Watchdog warns on ‘fire sale dynamics’ risk in repo market
The global financial watchdog has urged regulators to cast a closer eye over the ways in which leveraged trades in the short-term repo market could amplify financial stability risks worldwide.
Regulators at the Financial Stability Board (FSB) are particularly concerned that leveraged investors might be forced to dump their assets in the event of a stress, putting intense downward pressure on bond markets.
“Asset managers such as hedge funds who rely on repo markets to finance their sovereign bond positions may have to rapidly liquidate their asset holdings, leading to fire sale dynamics in the pricing of sovereign debt,” it said.
The report also highlighted that “demand and supply imbalances can arise quickly in periods of stress” if repo lenders are unwilling or unable to meet spikes in the demand for liquidity.
A repo is a short-term funding agreement where financial institutions get access to liquid cash by selling securities, while agreeing to buy the securities back at a slightly higher price shortly after.
The FSB recommended that authorities address data gaps in the $16trn market for repurchase (repo) agreements backed by government bonds, and develop a series of “vulnerability metrics” to monitor possible risks.
“Strains in repo and government bond markets may spill over into each other or across multiple jurisdictions, given the international nature of repo markets,” the FSB added.
“Given the importance of repo markets within the global financial system, it is critical to preserve their functionality, particularly during periods of stress,” the report said.
Regulators might be falling behind
Around 80 per cent of repo trades are backed by government bonds, with US government bonds accounting for the majority of such trades.
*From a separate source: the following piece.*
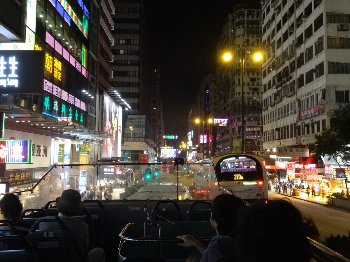 昔ほど頭上の看板が無くなったためか、トンネルや香港島の夜景に多くの時間を割くようになったそうで、そこはちょっと残念ですが、それでもバスの二階から見る景色、見下ろす景色はここでしか味わえないです。

Hedge fund borrowing in repo markets has increased significantly over the past few years, and now amounts to nearly $3trn – or about 25 per cent of their assets.
The FSB noted that the repo market helps to provide greater liquidity across the market and also acts as a low-risk investment for cash risk institutions, but it warned that regulators might be falling behind on the ways in which the repo market could intensify market stresses.
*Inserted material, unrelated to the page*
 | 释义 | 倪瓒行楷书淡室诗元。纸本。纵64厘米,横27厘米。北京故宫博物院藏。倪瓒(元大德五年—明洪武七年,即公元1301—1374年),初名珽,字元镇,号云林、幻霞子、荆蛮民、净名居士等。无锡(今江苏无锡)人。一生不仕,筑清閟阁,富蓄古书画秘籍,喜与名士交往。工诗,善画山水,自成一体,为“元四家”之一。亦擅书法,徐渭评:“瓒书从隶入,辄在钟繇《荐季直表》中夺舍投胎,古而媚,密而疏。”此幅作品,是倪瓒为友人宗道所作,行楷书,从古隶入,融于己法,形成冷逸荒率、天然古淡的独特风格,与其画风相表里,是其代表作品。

Repo trades can build up leverage in the financial system because the trades are often conducted with zero haircuts. A haircut is a reduction to the market value of an asset when it is used as collateral for a loan, which limits the amount of leverage.
The securities exchanged in a repo trade are also often used again in further trades, a practice known as collateral rehypothecation, which adds further leverage to the system.
Andrew Bailey, Governor of the Bank of England, is the current chair of the FSB. The Bank of England is considering introducing a minimum haircut for gilt-backed repo trades, which would limit the level of leverage.